- Brief -
Skip the pictures and retype exactly the lines from the one holding "На рисунке изображена" through the end of the entries.

- Data in this exercise -
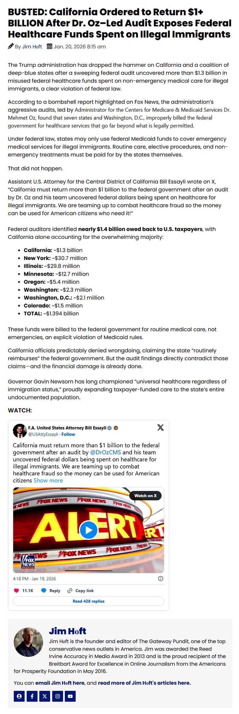 Article written by Jim Holt, January 20. 2026, GatewayPundit
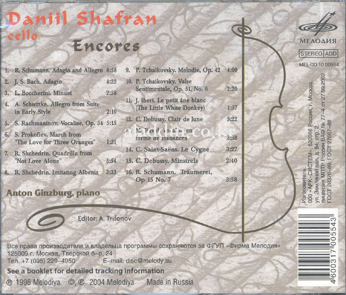 [수입] 대닐 샤프란 - 앙코르, 리사이틀 앨범
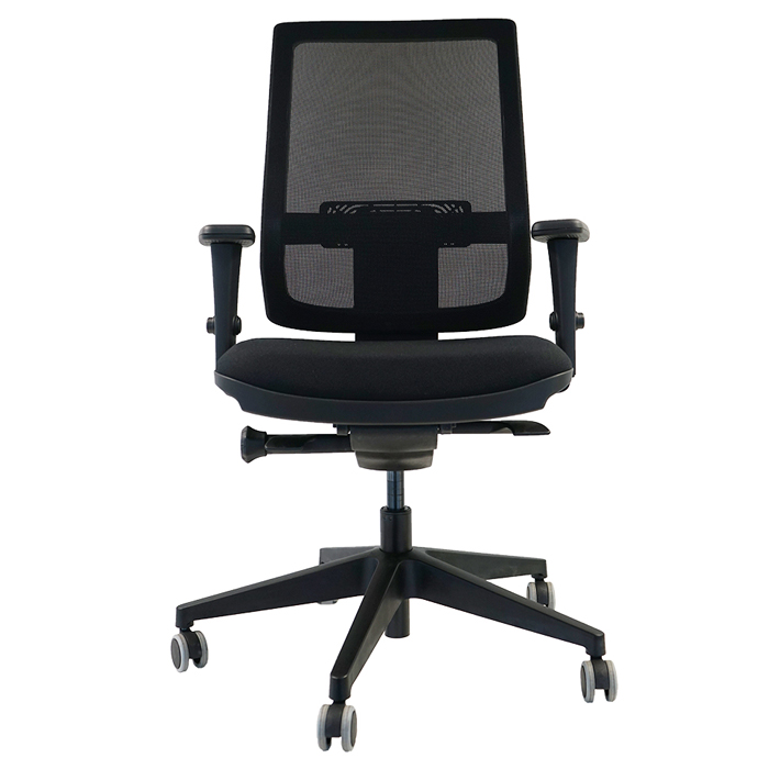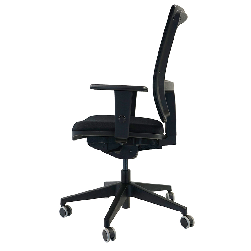 Silla Oficina Ejecutiva, con asiento tapizado con espuma inyectada, brazos regulables 3D, con respaldo Malla con slider y apoyo lumbar. Base y estrella de nylon. Con ruedas.
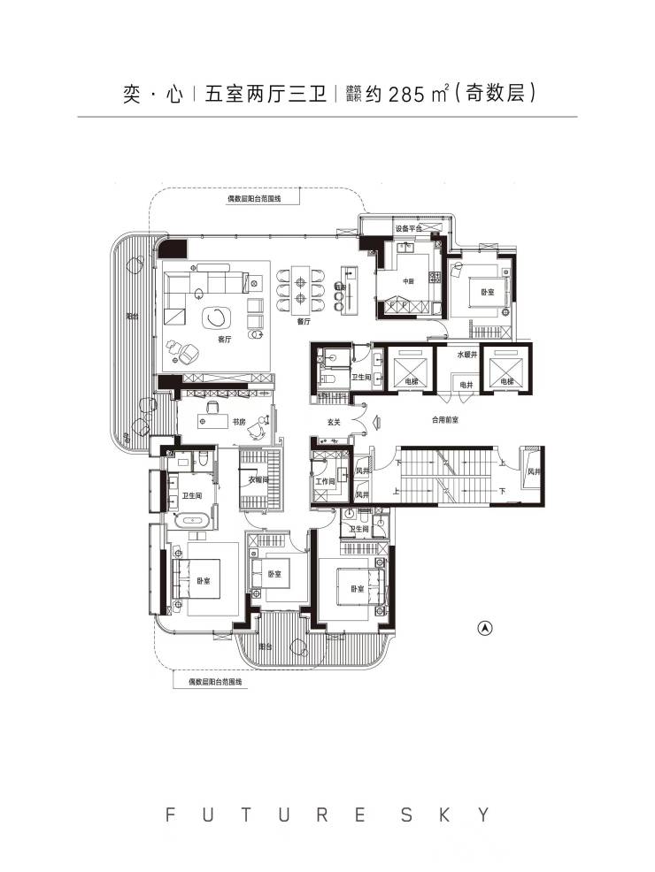 【主力户型】建筑面积约220-580㎡天幕大平层
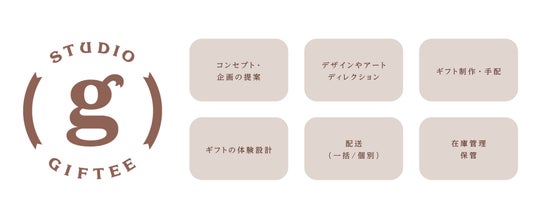 「STUDIO GIFTEE」は、ギフトプランニングのプロフェッショナルチームであり、ギフトの企画・制作サービスを提供します。企業のブランディングや、企業と顧客・従業員、自治体と住民とのよりよい関係づくりのためのギフト体験を支援。ギフトのナレッジが深いプランナーが、オリジナルの企画から制作、在庫管理から配送方法の設計まで伴走し、ギフトのお渡し体験まで含めてトータルでお届けします。
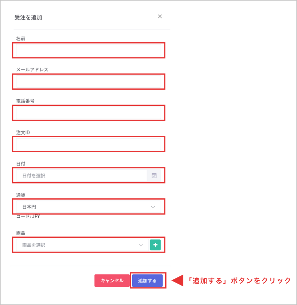 「受注を追加」ボタンをクリックすると受注データを追加することができます。
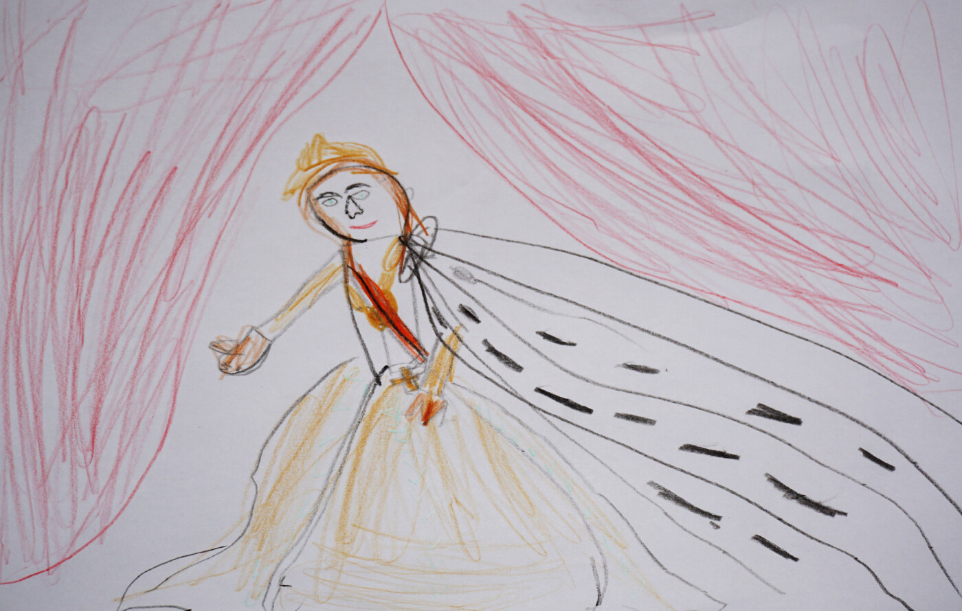 На рисунке изображена императрица Екатерина II в нарядном платье с мантией и в короне.
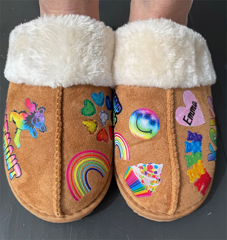 Customized with the decals shown (heat-pressed on to the slipper; decal placement may vary from images shown).

- Result for this task -
 На рисунке изображена императрица Екатерина II в нарядном платье с мантией и в короне.
 Customized with the decals shown (heat-pressed on to the slipper; decal placement may vary from images shown).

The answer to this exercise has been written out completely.